Paul Hagerman, Director of Public Policy at the Canadian Foodgrains Bank, joined in his capacity as the Co-Chair of the Food Security Policy Group, a coalition of Canadian civil society organizations, which work on the ground on food security in developing countries and engage in policy dialogue and advocacy in Canada. As a result of COVID-19, organizations have shifted their activities funded by the Canadian Government and donations from the people. For example, decentralizing food distribution; using radio, phone and text to do agricultural extension; and helping farmers get better access to market information, post-harvest storage, and finding new buyers.

“In all of these things, we are looking at the impact of both COVID-19 and the new technologies on women and men, how they affect them differently and trying to find ways that these new approaches can actually build back better and provide more equal access than what the old systems used to,” said Hagerman. “We recognize the needs are great in Canada, and that’s going to be the priority for the Canadian government to respond, but we are all saying the needs are great overseas and this is a global pandemic, so it’s important that Canada responds overseas as well.”

Town Hall with Canadian Parliamentarians

Following the introductory remarks and interventions, a Town Hall with Canadian Parliamentarian highlighted perspectives on Canada’s unique response to the global COVID-19 pandemic.

“No one succeeds unless we all do, and Canada is committed to playing its role,” said MP Kamal Khera, Parliamentary Secretary to the Minister of International Development. “Solutions require much-needed cooperation and coordination, which is why the Canadian Government is closely monitoring the potential impacts of COVID-19, not just on health, but on food security and nutrition of people in the world’s poorest and vulnerable countries.”

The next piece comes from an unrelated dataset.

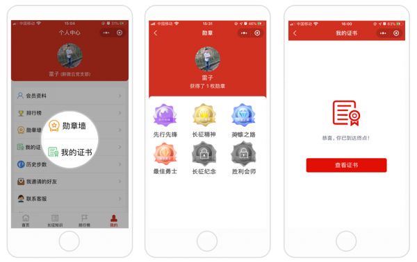 在參與活動過程中每到達一個具有革命意義的地點,參與者就可收獲紅色獎勵勛章一枚,并可了解該站點的紅軍長征歷史知識。掌握了這些知識點以后,這個小程序同時設(shè)置了答題闖關(guān),到達特定的歷史點位將開啟該點位的答題功能,答題知識點包括黨史知識、長征歷史等內(nèi)容。同時走到終點實現(xiàn)勝利會師以后,還能獲得電子證書。參與者可以轉(zhuǎn)發(fā)分享到朋友圈。獲得精神獎勵。

MP Khera outlined Canada’s global responses to the needs of developing countries noting its support to partners from the humanitarian response such as the World Food Programme’s Common Services Platform to maintain supply chains, FAO’s work to preserve livelihoods of the most vulnerable and IFAD’s Rural Food Stimulus Facility. She also noted, “Canada has stepped up internationally to lead and co-convene virtual high-level meetings of the UN Group of Friends for Food Security and Nutrition and Development Minister’s Contact Group Meeting and was the first to fund.”

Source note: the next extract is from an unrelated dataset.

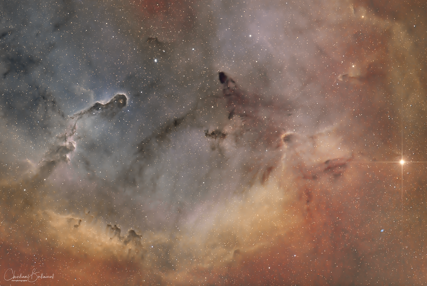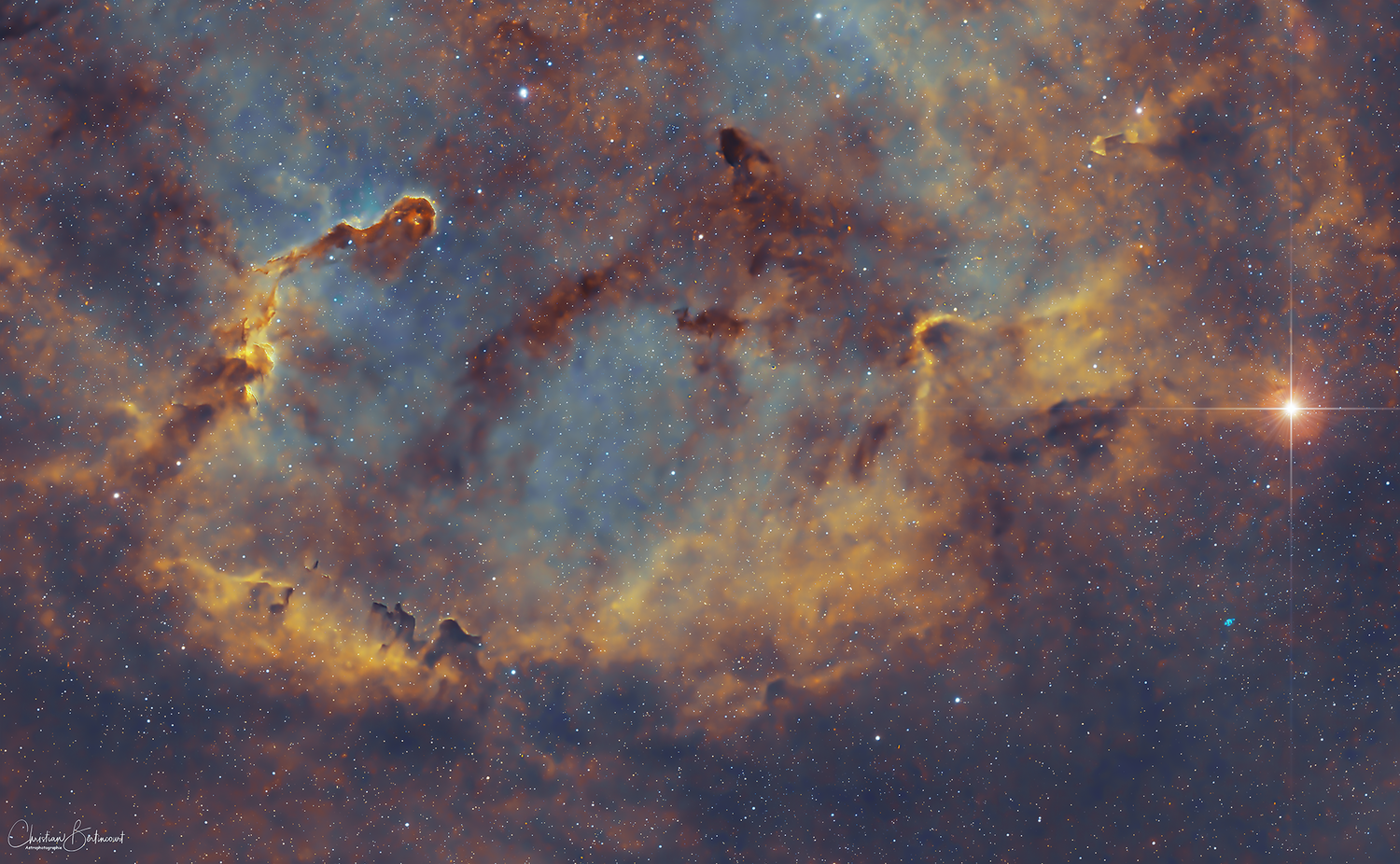 LBN310 Situées dans le Cygne, ces parcelles allongées de nébuleuses en émission sont extrêmement faibles. Elles appartiennent à un immense complexe de nébuleuses qui comprend également la région de la nébuleuse γ Cygni . L'apparence incurvée et la structure filamenteuse de ces nébuleuses impliquent qu'elles ont été formées par une supernova qui aurait pu exploser. : Filtre Antlia ALP-T 5nm :34x300" mosaïque de 2 panneaux : ZWO Asiair Plus : Askar FRA600 f/3.9 : ZWO ASI6200Mc Pro à -15° : iOptron GEM45 : ZWO ASI290MM Mini & guide scope Omegon 50mm : Siril - PixInsight - Photoshop : Env Lyon : Bortle 5.9 : 12 et 13/06/2024 La version full https://flic.kr/p/2pXidKY

MP Mike Lake, CPC Shadow Critic for International Development, noted, “as a first step we’ve got to do a better job of rallying Canadians around international development, making sure we are talking in their language and telling stories.” He added, “We as parliamentarians need to come together as often as we can to have these conversations because it’s an area where we should be able to build consensus in this country.”

MP Heather McPherson, NDP Deputy House Leader, Critic for International Development, Deputy Critic for Foreign Affairs, highlighted Canada’s Feminist International Assistance Policy, which looks at the impact of hunger on women, and its commitment to the Sustainable Development Goals of eliminating hunger around the world. However, she noted that that Canadian official development assistance is low, emphasizing that, “we have to look at our level of aid, and look at the way that we spend that aid. When we look at food security, long-term is the ticket,” she underlined.

“We are at a moment of historic economic realities,” said MP Elizabeth May, Parliamentary Leader of the Green Party of Canada in her concluding remarks. “Let us show the same degree of resolve to save lives that governments around the world were prepared to show in the last three months, let us see that in the next six months. Let’s see a transformational global change that is more than anything we have dreamt of the past couple of decades that says we have to achieve all the SDG goals, but it’s part of a survival package for all of our economies and societies.”